We are seeking another director, resident in the London area, to increase the
size of the board to three. The person appointed should assist the company in
raising project finance. This will constitute a balanced board of directors with
technical, legal and financial skills.
INVESTMENT
Our main exploration activity is in the Philippines, where we incorporated a new
company early in 2005. This company, Mincorp Asia, Inc, is 40% owned by Mincorp
Plc. However, for any major development, the company may acquire a 100% interest
in a metalliferous mining or petroleum project. Mincorp Asia, Inc, has in turn
acquired a 100% interest in Bonaventure Mining Corporation, the applicant for
the Mt Cadig Exploration Permit.
The other wholly owned subsidiary is Procnima Exploration Pty Ltd, which has
acquired the mining tenements covering the New Waverley gold mine in Western
Australia. Mincorp Plc holds all the shares in this Australian incorporated
company.
OUTLOOK
At the date of this report the company has secured two attractive exploration
projects, comprising the Mt Cadig nickel project in the Philippines and the New
Waverley gold mine in Western Australia. The company has sufficient funds to
carry our a first stage testing programme at Mt Cadig and a limited diamond
drilling programme at the New Waverley mine. These will be more fully dealt with
in the report of the Chief Executive Officer.
CONCLUSION.
In the period since admission Mincorp has built up a small experienced technical
and administrative staff. The company is now ready to commence testing our
prospects. This will be a critical period but we are looking forward with
confidence to the results of this activity.
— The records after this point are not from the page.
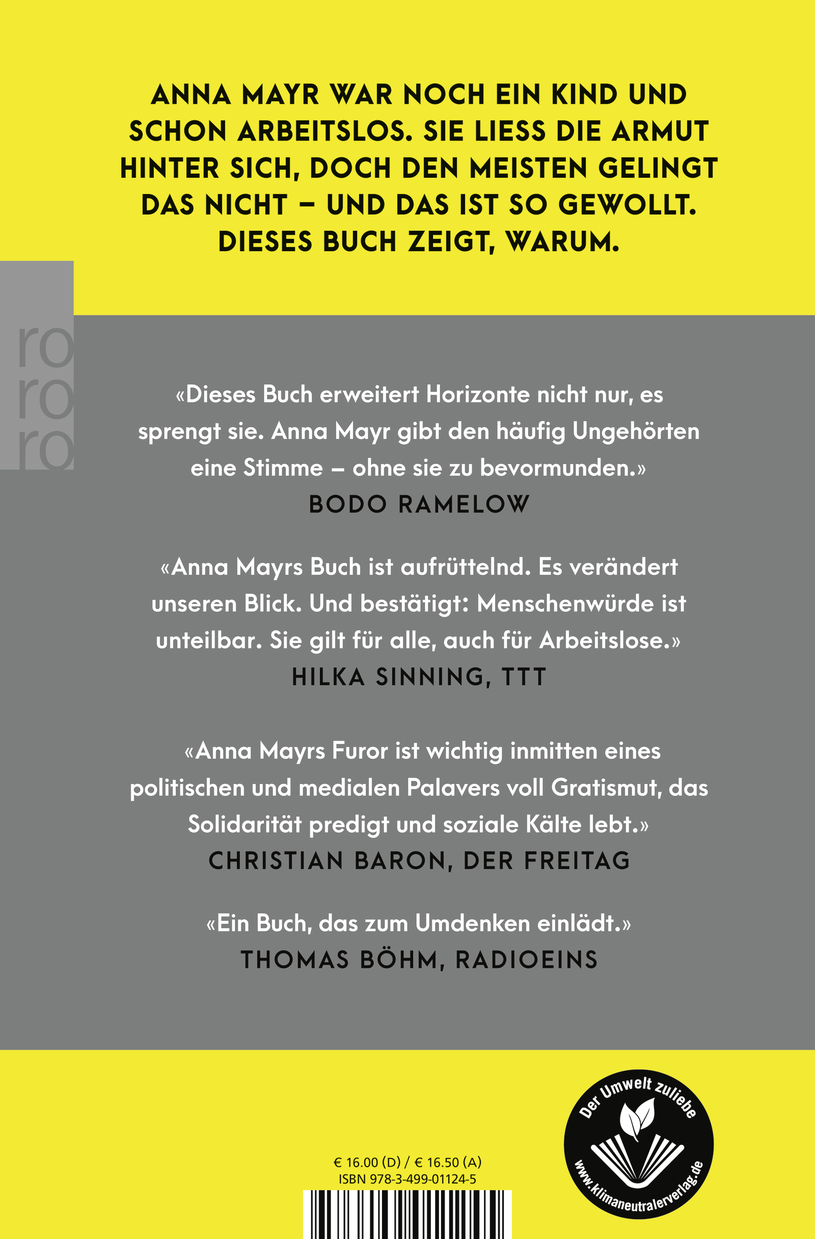 Faul. Ungebildet. Desinteressiert. Selber schuld. Als Kind von zwei Langzeitarbeitslosen weiß Anna Mayr, wie falsch solche Vorurteile sind – was sie nicht davor schützte, dass ein Leben auf Hartz IV ein Leben mit Geldsorgen ist und dem Gefühl, nicht dazuzugehören. Früher schämte sie sich, dass ihre Eltern keine Jobs haben. Heute weiß sie, dass unsere Gesellschaft Menschen wie sie braucht: als drohendes Bild des Elends, damit alle anderen wissen, dass sie das Richtige tun, nämlich arbeiten.
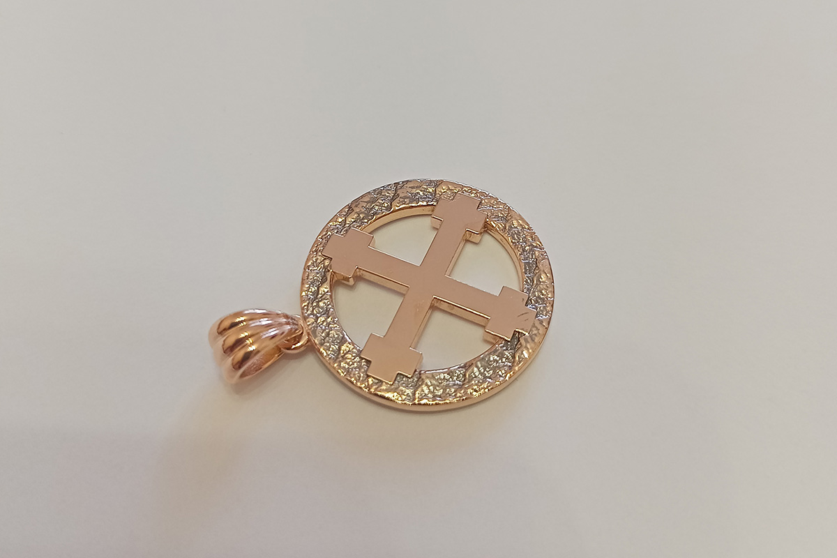 Двухсторонний оберег Алатырь-Коловрат с Солнцем из золота
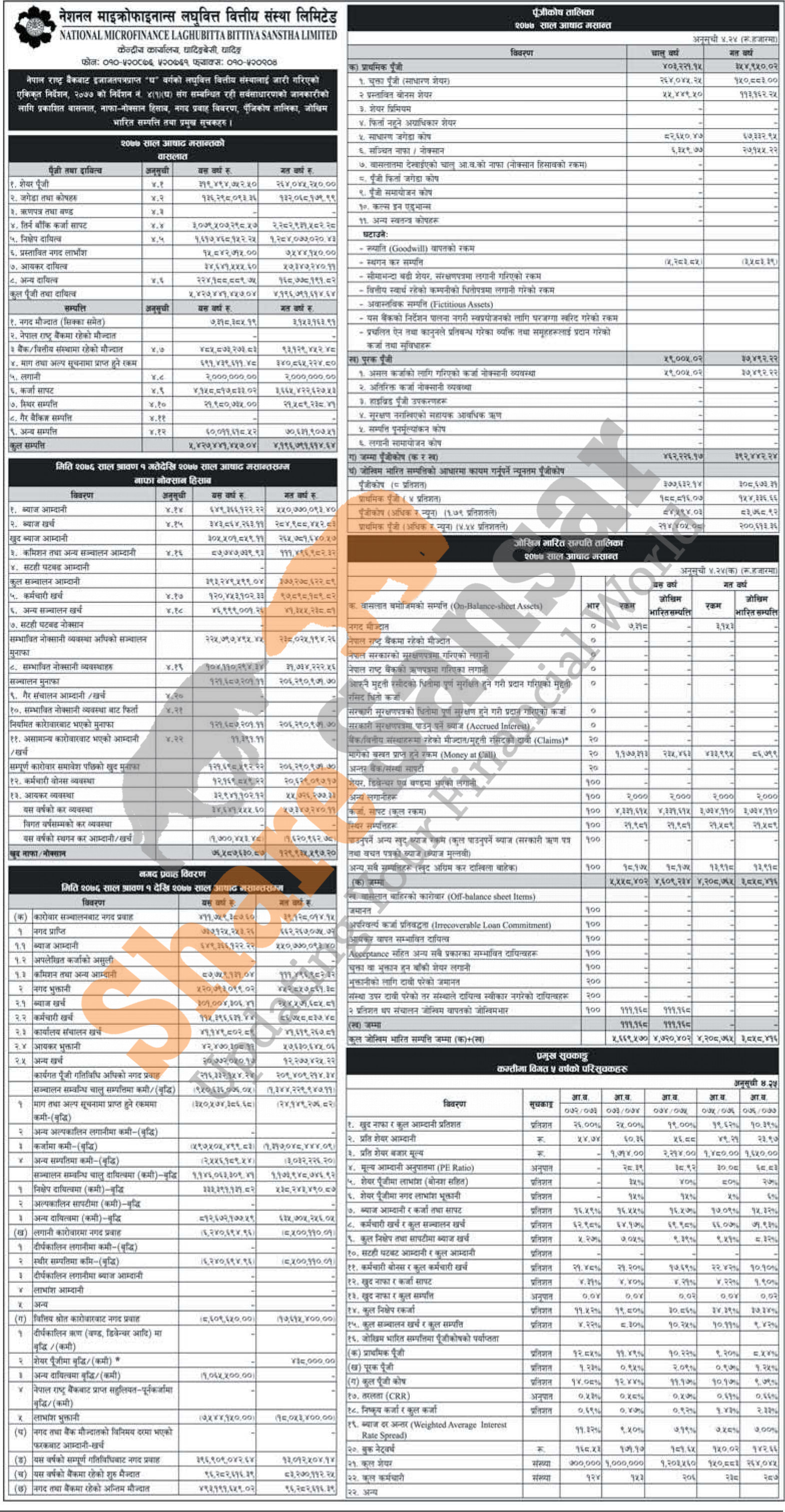 National Microfinance Laghubitta Bittiya Sanstha Limited has published its annual financial highlights of the fiscal year 2076/77.
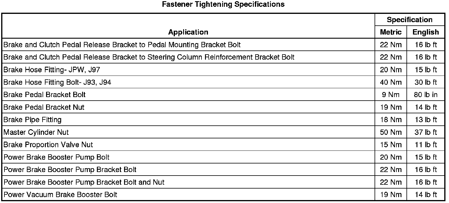 Fastener Tightening Specifications
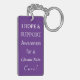 Awareness ribbon angel keychain features the art of a purple awareness angel painting. The art side notes "Chronic Pain Awareness" and the reverse side states "I Hope & Support Awareness for a Chronic Pain Cure!" Add your own custom words for personalised angel art cause awareness custom charm key chains! You can also remove the text for an art only angel pendant key chain. The purple awareness angel ribbon painting art keychains can be customised with personalised messages to make great awareness cause art key chains for fundraisers, awareness gifts, or other special events. Give this angel art keychain charm as an awareness ribbon gift for any occasion.
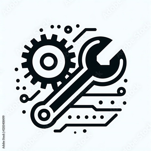 Fototapeta premium A black and white icon of a wrench and a gear, symbolizing tools and machinery, with circuit-like lines and dots around them, representing technology and engineering.

I thank, on your behalf, our nominated advisor, solicitors, accountants and
other advisors for their hard work and support.
Finally, on behalf of the Board, I wish to thank shareholders for the trust and
confidence they have placed in us.
Reginald Hare
Chairman
28th February, 2006.
CHIEF EXECUTIVE OFFICER'S REPORT
I am pleased to report to shareholders a summary of the activities of Mincorp
Plc and associated companies to 30th November 2005. This report also deals with
the period since then and includes results up to the end of February 2006.
GENERAL.
In little over a year since listing on the AIM Market of the London Stock
Exchange, the company has established a small but experienced organisation based
in Manila. During the period since commencement of operations our main objective
has been to acquire top quality prospects for exploration and development. With
the acquisition of Mt Cadig and the New Waverley mine, the first phase of our
programme is completed. Exploration and testing of both these projects is now
about to commence.
In view of the limited amount of capital raised in our issue to the public, we
have operated as economically as possible. We will continue to do so as I have
always believed the cutting edge of a mining exploration company is money spent
in the field. Company overheads are a necessary but non-productive item.
MT CADIG.
We were hoping to commence fieldwork on Mt Cadig during 2005. However, the
process of applying for and obtaining a mining tenement in the Philippines
involves complete involvement of the communities within the area, which, in the
case of Mt Cadig, is an Exploration Permit Application of approximately 9,462
hectares. I am pleased to report that we have now completed all the governmental
requirements necessary and anticipate the Exploration Permit will be issued to
Bonaventure Mining Corporation, a wholly owned subsidiary of Mincorp Asia, Inc,
during March 2006. Immediately after this occurs we will commence a drilling and
pitting programme.
One positive aspect of community involvement is to discover the true attitude of
the local people towards exploration and mining in their area. We have been
delighted with the response. Almost without exception the local communities and
their elected officials are eagerly awaiting the commencement of our exploration
programme.
No work has been carried out at Mt Cadig since 1970, when the then tenement
holder sunk 103 test pits to an average depth of approximately 7 metres. We have
been unable to secure the original analyses of the samples taken from the test
pits.
The official tonnage/grade figure reported by the Philippines Bureau of Mines is
83 million metric tons grading 1.4% nickel. Our geological staff has estimated
the whole deposit contains in the order of 120 million tons of lateritic
material. The testing programme will be aimed at determining the size and grade
of the nickel ore resource.
Unrefined nickel ore is now a sought after commodity by overseas nickel
smelters. So called "saprolite ore", grading over 2% nickel has been exported
from the Philippines to Japanese nickel smelters for several decades. However,
due to the shortage of nickel, there is now a market for nickel ore grading
better than 1.5% nickel for bulk shipment overseas.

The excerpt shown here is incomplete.